Self tests to determine if you are at risk for a running injury

Self tests to determine if you are at risk for a running injury

October 26, 2023

During a physical therapy examination, your therapist will perform tests to rule in or rule out causes of your pain, no matter what body part is bothering you. There are dozens of running specific special tests, but here are a few that you can perform on yourself at home. 

Weight-bearing lunge dorsiflexion test

To perform this test, find a wall and kneel close to it with your shoes off. Use a tape measure and place your big toe 5 inches from the wall. From this position, push your knee forward attempting to touch the wall with your knee. Your heel must stay in contact with the ground and the knee should not collapse inward.

Negative test: Knee able to reach wall with foot 5 inches from wall without heel coming off ground or pain
Positive test: Unable to get knee to wall without heel rising or pain present

What does a positive test mean?
A positive test indicates a lack of adequate ankle dorsiflexion mobility which can contribute to pain and altered movement patterns during activities such as squatting, running, and lunging. Performing these activities with stiff ankles will mean there are compensations occurring somewhere else in the body to accomplish the task.

Single leg heel raise test

To perform this test, stand facing a wall or sturdy object. You may touch lightly for balance but should not use your hands to assist in the movement. Lift one foot off the ground and perform a heel raise with the planted leg as high as you can lift then lower back down in control. Stop once you reach 25 repetitions, experience pain, or have a significant decrease in heel height, then switch legs and repeat the test.

Negative Test: Able to perform 25 repetitions without a significant decrease in height.
Positive Test: Unable to achieve 25 repetitions without pain or a significant decrease in height.

What does a positive test mean?

Inability to complete 25 repetitions indicates a lack of strength and endurance in the calf muscles. Adequate strength of these muscles is important to allow for optimal walking, running, and jumping activity. Since the calf muscles tie into the plantar fascia it is also important for reducing the stress placed through these tissues with increased activity.

Single Leg Squat (skater style)

To perform this test, stand barefoot with feet shoulder width apart and both arms down by your sides. Shift weight onto one foot with the leg off the floor behind you. Lower yourself down so that the back knee touches the floor (a ~2 inch cushioned surface is recommended) taking about 2-3 seconds to go down to ensure control and return back up to starting position. Perform up to 3 reps on one side and then switch to the other side.

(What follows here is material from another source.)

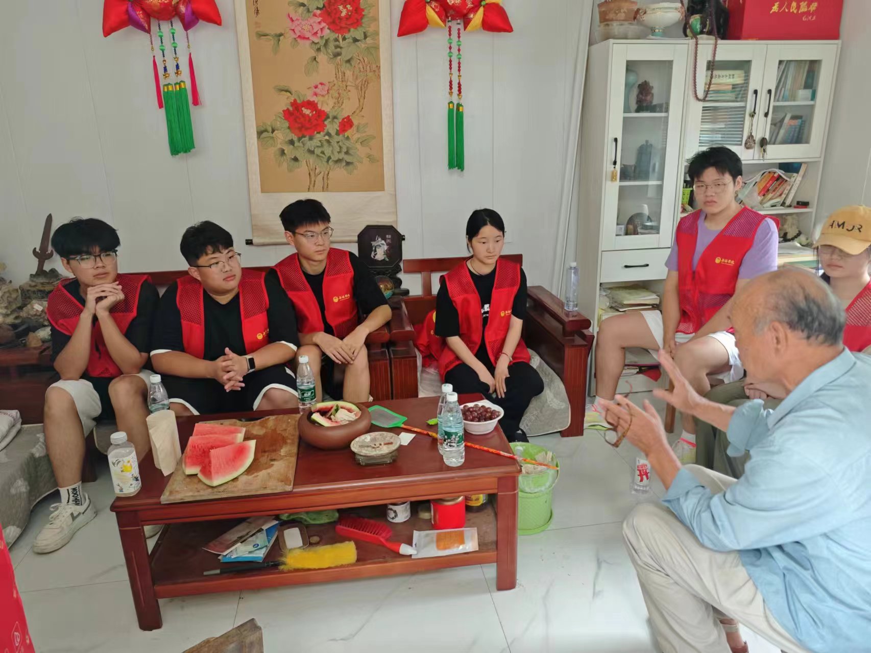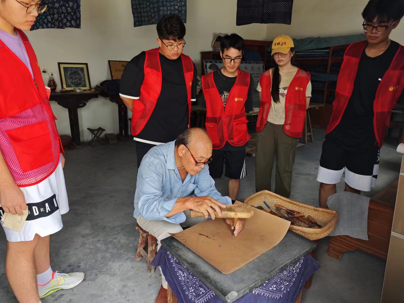 團隊成員首先前往傳承人家中進行拜訪。在這里,團隊成員見到了藍印花布省級傳承人王如坤先生。現(xiàn)年74歲的老先生熱情接待了團隊成員,王如坤先生將一生奉獻給藍印花布這項古老藝術。為了藍印花布的傳承與發(fā)展,他耗盡家資建立起了印染坊及藍印花布藝術館。小隊成員在傳承人家中得到了熱情款待,傳承人認真回答了團隊成員提出的問題,并給團隊成員講解了傳承非遺文化遇到的困境和挑戰(zhàn),同時,傳承人將自己在傳承非遺文化中的心得和體會傾囊相授。

Negative test: Able to complete 3 full, controlled reps on each side without pain or dysfunction.

Positive test:  Unable to complete 3 reps under control without pain or significant technique breakdown.

Must maintain the following:

Neutral arch: foot does not collapse down and in

Knee over 2nd toe: the knee does not collapse to the inside of the foot

Neutral pelvis: you do not let the pelvis drop to one side

What does a positive test mean?

A positive test can indicate decreased lower extremity or core control and reduced strength which may predispose you to a running injury. It may also indicate deficits in balance and/or flexibility deficits that prevent you from achieving the correct technique.